相手はノンケで、合コンに行くんだと笑顔で言ってくる度に無理やり貼り付けた笑顔で送り出していたのが懐かしい。

卒業間近になり、このまま社会に出て疎遠になっていくのだと思うと耐えきれず、当たって砕けろと告白をした。

もちろん断られるのが前提で、しかも向こうが抱かれる側を引き受けてくれるなんて夢にも思ってなかった。
後々理由を聞いてみれば、自分よりデカい男をどうこうする気にならないし大変そうだからという、喜べはしない内容だったが、それでももう付き合って1年も経ったのでそれで良かったのだろう。

そう、もう付き合って1年も経っているのだ。それなのに、たまに俺の一方通行の片思いのように感じてしまうのはどういうことだ。
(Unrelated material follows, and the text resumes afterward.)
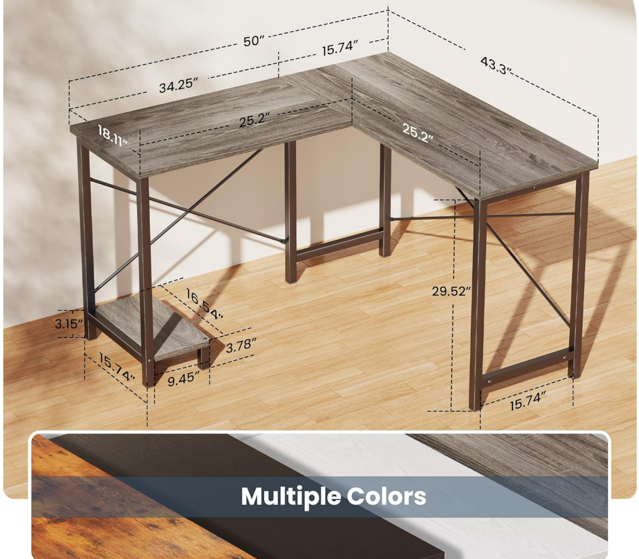
Image: Product dimensions and components overview.

仕事が終わり、同棲しているマンションに向かっている途中、電車の中で届いた恋人からのメッセージにまたかと溜め息が漏れる。

〈飲み会あるから先に寝てて〉

たった一言。そこに女はいるのか、また朝まで帰らないつもりか、など、複雑な気持ちを抱える俺のことなど考えてもいないその文にいつものように女々しい長文を打ち、そして消す。
結局送り返したのは〈分かった〉と一言だけだ。

一気に重くなってしまった脚を動かしてマンションに着き、誰もいない部屋のドアを開け電気をつける。

お互い入社して2年目に入り、飲み会が多いのもわかる。
それでも今日は金曜日だし、ここ最近土曜日は仕事が入っていた俺がようやく休みを取れた日の前日だというのに。
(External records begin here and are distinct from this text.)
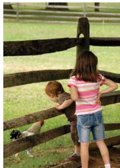
Visitors can observe horses, mules, dairy cows, chickens and pigs.

As a site dedicated to accurate historic representation of a working farm in the 1890s, the animals at Longstreet provide labor, food, and other resources—just as they did in the past. These are not pets, but rather working animals that show how local residents relied on them. Horses and mules plow the fields and are used for transportation; dairy cows provide milk; and chickens, pigs and sheep are kept for their meat as well as eggs, lard and wool, respectively.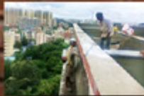
ACTUAL SITE IMAGES BUILDING RESTORATION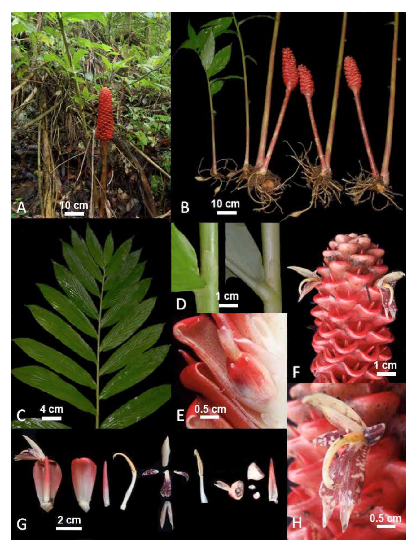
Plate 1. Zingiber engganoensis Ardiyani. A. Habit B. Leafy shoot and the inflorescence showing rhizomes, roots and root-tuber C. Leaves D. Ligule and swollen petiole E. Dissection of inflorescence showing fruit F. Spike and flowers G. Dissection of flowers and fruits showing showing bract, bracteole, two lateral staminodes, two petal lobes, labellum, and the four appendages of the anther H. Flower. Source of materials: E190 (BO).

いつまでも不貞腐れている自分に呆れつつ、のろのろとスウェットに着替えて冷蔵庫を開けて缶ビールを取り出す。
決してアイツに恋人として蔑ろにされているとは思っていないし、多分、アイツもちゃんと俺のことを好きでいてくれいているはずだ。じゃなきゃ、1年も一緒に住まないだろうし、男に抱かれるなんて受け入れないだろう。

そんなことをグダグダと考えながらビールを飲んでいると、気づけば12時を回ってしまっていた。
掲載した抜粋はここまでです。